== Exercise aim ==
The result should be the lines from the one that contains "7. Алёша построил" to the final line of the entries below, copied exactly and with no pictures.

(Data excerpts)

=== Begin Enclosure ===

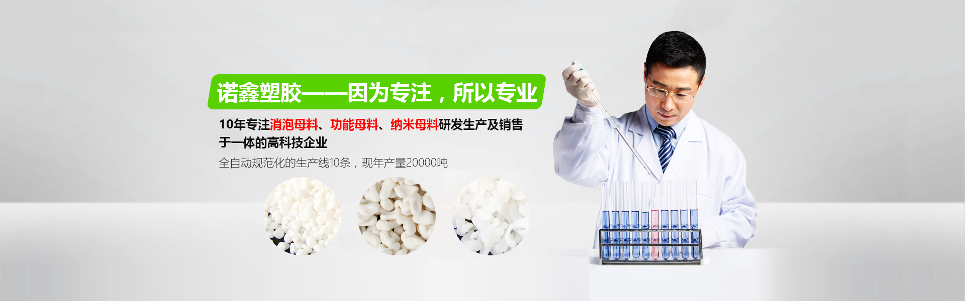 慶云諾鑫塑膠新材料有限公司有著近20年的研發生產經驗,專業生產各種填充母料、色母料、消泡母料。公司實力雄厚,諾鑫偉業因為專注,所以專業,誠邀國內外客戶洽談合作
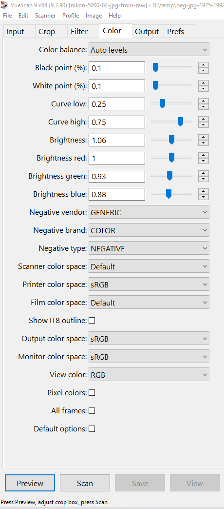 It can be difficult to get the right colors from negatives. Especially old negatives. If you only want to scan your negatives one time you can scan to Vuescan “RAW” file. A Vuescan “RAW” file is the raw CCD data from the scanner. You can then re-process these files with different settings in Vuescan without having to actually scan the image again.
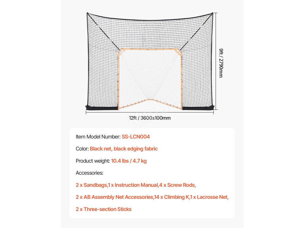 Toto lakrosové tréninkové vybavení je vyrobeno z kvalitních materiálů včetně pevné polyesterové sítě bez uzlů a polyesterových šňůr.
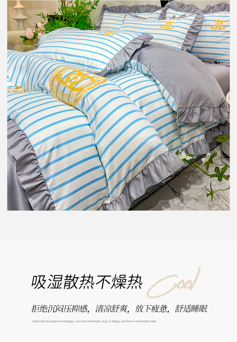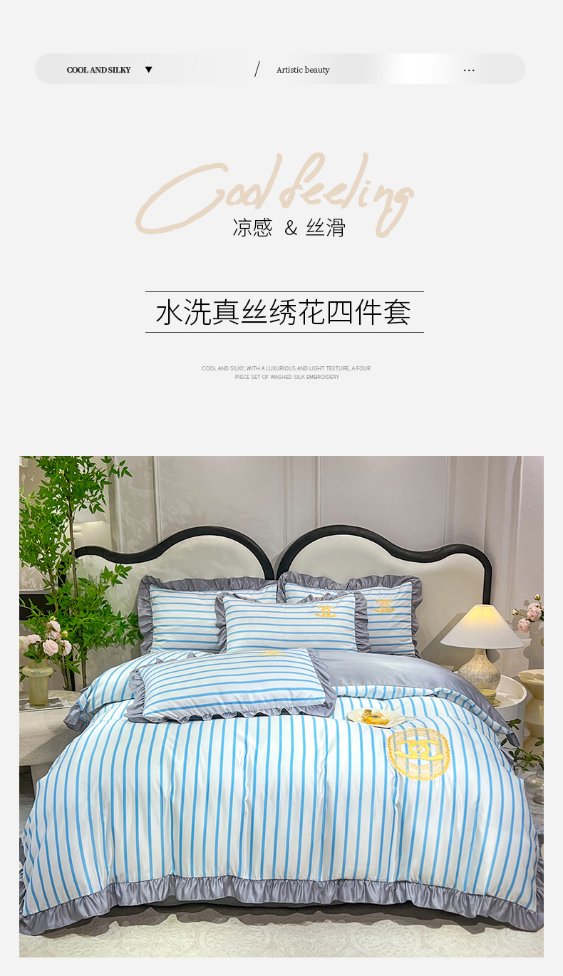 当前位置: 91家纺网 > 商品网购 > 床品套件 > 四件套 > 其它四件套 > 经年 2026新款水洗真丝韩版四件套 浅夏-蓝灰
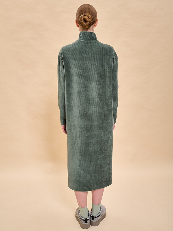 Женское вельветовое платье длины миди. Длинное трикотажное платье свободного силуэта комфортно в повседневной носке, не стесняет движений. Прямое платье такого кроя скрывает недостатки фигуры и подчеркивает достоинства. Изделие с высоким воротником-стойкой, который защитит от холода и ветра. Не нужно дополнительно надевать шарф. У горловины застёжка на короткую молнию — один из модных трендов. Вдоль молнии отделка из гладкой курточной ткани — сочетание разных фактур актуально в этом сезоне. Платье с разрезами по бокам — ваши движения свободны. Модель лаконичного дизайна, без принта. За ней просто ухаживать. В составе ткани преобладает качественный хлопок — изделие мягкое и приятное на ощупь. Благодаря полиэстеру и эластану платье износостойкое, сохраняет превосходную форму на протяжении долгого времени. Трикотажное платье миди представлено в элегантном и универсальном сером цвете. Размерная линейка:  XS (42); S (44); M (46); L (48); XL (50). Модель идеальна как для женщин, так и для девушек и девочек-подростков с разными типами фигуры. Отличное повседневное платье для работы, учёбы и отдыха. Подходит для зимы и демисезона (осени и весны). Модное платье — это прекрасный подарок сестре или подруге на Новый год или День рождения.
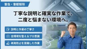 何社か調査や見積もりをお願いしましたが、調査の丁寧さと説明の分かりやすさで、駆除ワーカーズさんにお願いすることに決めました。
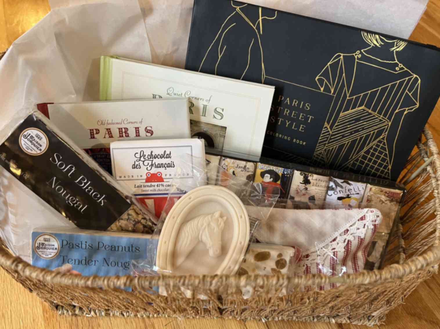 There is a little something for everyone in this basket of French goodies, including two charming travel books about Paris, a Paris-street style coloring book, chocolates by Du Plessis, chocolates by Le Chocolat des Francais, two nougats from Aix en Provence, soap from Pré de Provence, and a handmade lavender sachet made with French ticking.
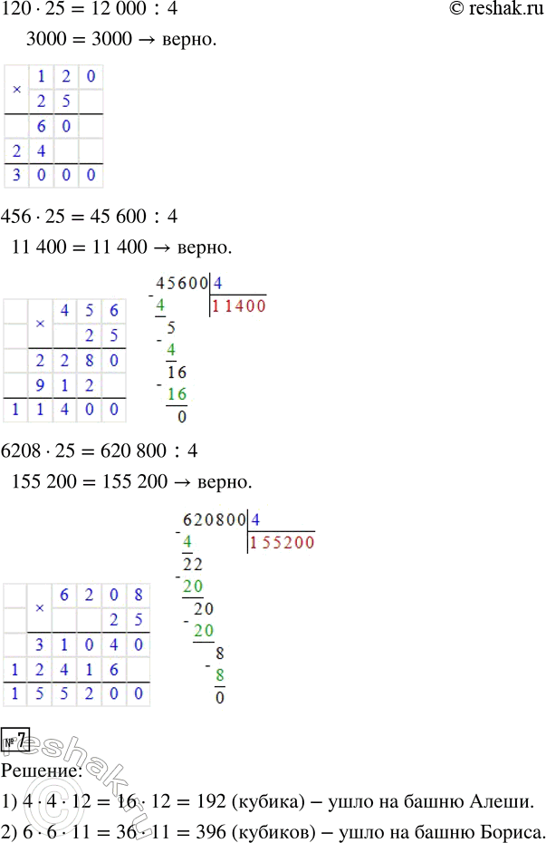 7. Алёша построил из кубиков со стороной 1 см башню высотой 12 см с квадратным основанием 4 x 4. Борис построил другую башню, высота которой 11 см, а в основании квадрат 6 x 6.
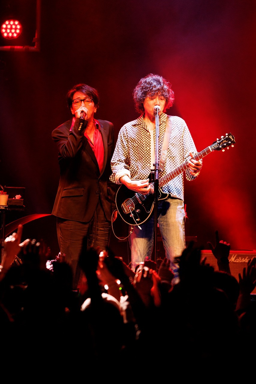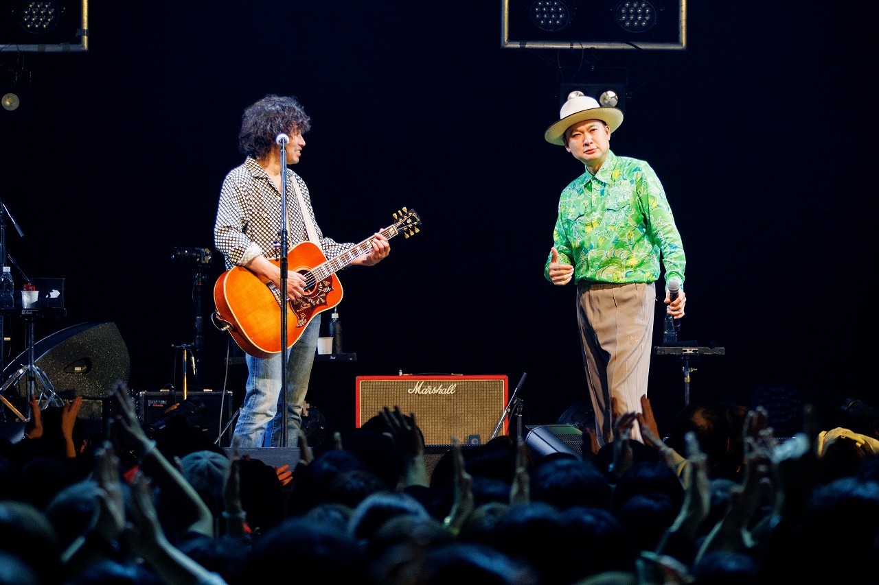 浜崎がステージを降りると、斉藤がエレキギターを弾きながらバンドはファンキーなセッションを開始。しばらくすると下手袖から岡村靖幸が登場して、「うぉ~!」と怒号のような歓声で沸き立つ場内。黒いスーツに赤いシャツのファッションで、「ハネダ! 準備は出来てるか? いくぞ! 1、2、3、4!」と叫んだ岡村のカウントを合図に、2人のユニット“岡村和義”の「春、白濁」へとなだれ込んだ。岡村が斉藤の肩に手を回しながら、《嗚呼 キミよ 幸せであれ!!》と声を合わせる。斉藤のギターソロの間、岡村はステージ端まで移動してフロアを挑発。スーツをバッとはだけるアクションに「キャ~!」と嬌声が上がるなど、とてつもない盛り上がりとなり、最後は1マイクで歌い上げて曲を終えた。「本当にゲスト無しで、と思っていたんだけど、“どうして誘ってくれないんですか? 寂しいじゃないですか”と言うので、“じゃあ来る?”っていうことで。ありがとうございます」と、浜崎と同じタイミングで声をかけてくれたことを明かす斉藤。また、“岡村和義”のデータのやり取りはしているそうで、今後の活動への意欲をのぞかせた。先ほどとは一転してメロウなバラード「サメと人魚」のデュエットで酔わせると、斉藤が泣きのギターソロでエンディングへと導いて、大喝采の中で岡村はステージを後にした。
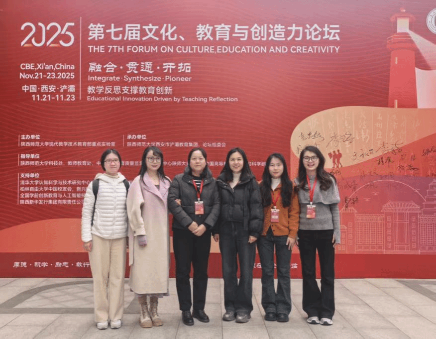 第七届文化、教育与创造力论坛于2025年11月21日—23日在西安举行,论坛以“融合·贯通·开阔:教育反思支撑教育创新”为主题,由陕西师范大学现代教学技术教育部重点实验室主办,陕西师范大学西安市浐灞教育集团论坛组委会承办。教育科学学院副院长赵彦美、专任教师钟丽娟、马丹、周田鑫、杨小茹,小学教育教育硕士张楠、杨心怡,受邀参加了本次会议。我院教师周田鑫受邀在分论坛进行了学术分享。

=== End Enclosure ===

== Output of the exercise ==
 7. Алёша построил из кубиков со стороной 1 см башню высотой 12 см с квадратным основанием 4 x 4. Борис построил другую башню, высота которой 11 см, а в основании квадрат 6 x 6.
 浜崎がステージを降りると、斉藤がエレキギターを弾きながらバンドはファンキーなセッションを開始。しばらくすると下手袖から岡村靖幸が登場して、「うぉ~!」と怒号のような歓声で沸き立つ場内。黒いスーツに赤いシャツのファッションで、「ハネダ! 準備は出来てるか? いくぞ! 1、2、3、4!」と叫んだ岡村のカウントを合図に、2人のユニット“岡村和義”の「春、白濁」へとなだれ込んだ。岡村が斉藤の肩に手を回しながら、《嗚呼 キミよ 幸せであれ!!》と声を合わせる。斉藤のギターソロの間、岡村はステージ端まで移動してフロアを挑発。スーツをバッとはだけるアクションに「キャ~!」と嬌声が上がるなど、とてつもない盛り上がりとなり、最後は1マイクで歌い上げて曲を終えた。「本当にゲスト無しで、と思っていたんだけど、“どうして誘ってくれないんですか? 寂しいじゃないですか”と言うので、“じゃあ来る?”っていうことで。ありがとうございます」と、浜崎と同じタイミングで声をかけてくれたことを明かす斉藤。また、“岡村和義”のデータのやり取りはしているそうで、今後の活動への意欲をのぞかせた。先ほどとは一転してメロウなバラード「サメと人魚」のデュエットで酔わせると、斉藤が泣きのギターソロでエンディングへと導いて、大喝采の中で岡村はステージを後にした。
 第七届文化、教育与创造力论坛于2025年11月21日—23日在西安举行,论坛以“融合·贯通·开阔:教育反思支撑教育创新”为主题,由陕西师范大学现代教学技术教育部重点实验室主办,陕西师范大学西安市浐灞教育集团论坛组委会承办。教育科学学院副院长赵彦美、专任教师钟丽娟、马丹、周田鑫、杨小茹,小学教育教育硕士张楠、杨心怡,受邀参加了本次会议。我院教师周田鑫受邀在分论坛进行了学术分享。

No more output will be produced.